◆ **MATERIAL PROVIDED**
========

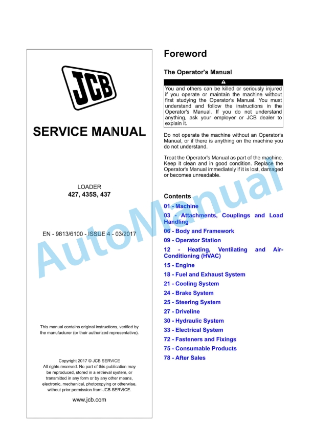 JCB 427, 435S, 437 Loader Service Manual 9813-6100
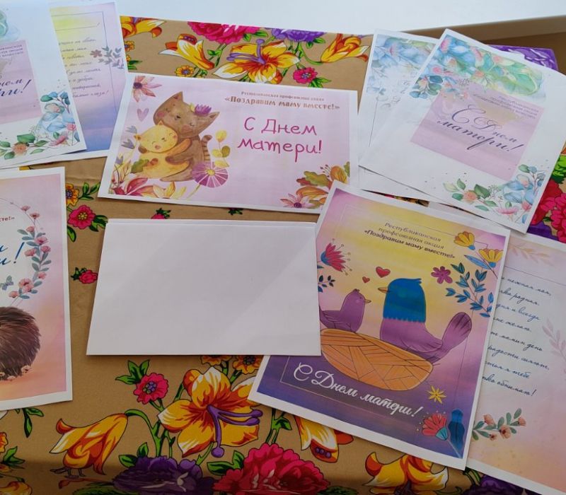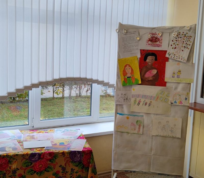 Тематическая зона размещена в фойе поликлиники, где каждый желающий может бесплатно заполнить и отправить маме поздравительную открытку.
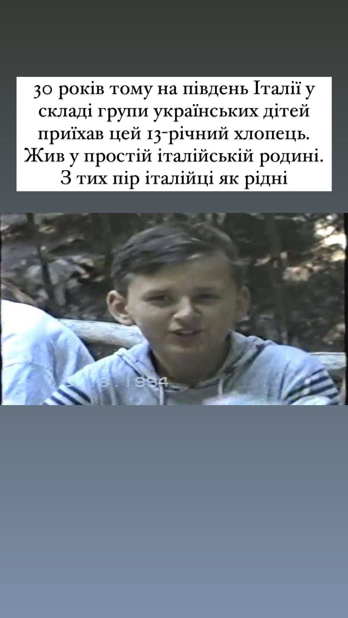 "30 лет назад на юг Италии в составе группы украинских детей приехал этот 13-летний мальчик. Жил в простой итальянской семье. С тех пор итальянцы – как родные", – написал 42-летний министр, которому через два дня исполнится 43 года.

========

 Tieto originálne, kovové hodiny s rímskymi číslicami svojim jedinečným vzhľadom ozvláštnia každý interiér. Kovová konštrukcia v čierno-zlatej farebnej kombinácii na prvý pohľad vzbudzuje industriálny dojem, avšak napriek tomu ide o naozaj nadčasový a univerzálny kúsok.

========

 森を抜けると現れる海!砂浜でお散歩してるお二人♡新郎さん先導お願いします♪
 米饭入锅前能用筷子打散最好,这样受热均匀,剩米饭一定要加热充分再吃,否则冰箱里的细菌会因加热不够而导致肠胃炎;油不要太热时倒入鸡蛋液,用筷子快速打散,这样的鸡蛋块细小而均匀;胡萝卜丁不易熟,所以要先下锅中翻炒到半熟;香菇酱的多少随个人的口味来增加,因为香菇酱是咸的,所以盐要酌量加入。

========

◆ **HOW TO COMPLETE THIS TASK**
Pictures in the entries do not go into the copy. Print only the lines starting at the one containing "Тематическая зона размещена" and ending at the one containing "исполнится 43 года.", exactly as they appear.

◆ **PROBLEM SOLUTION**
 Тематическая зона размещена в фойе поликлиники, где каждый желающий может бесплатно заполнить и отправить маме поздравительную открытку.
 "30 лет назад на юг Италии в составе группы украинских детей приехал этот 13-летний мальчик. Жил в простой итальянской семье. С тех пор итальянцы – как родные", – написал 42-летний министр, которому через два дня исполнится 43 года.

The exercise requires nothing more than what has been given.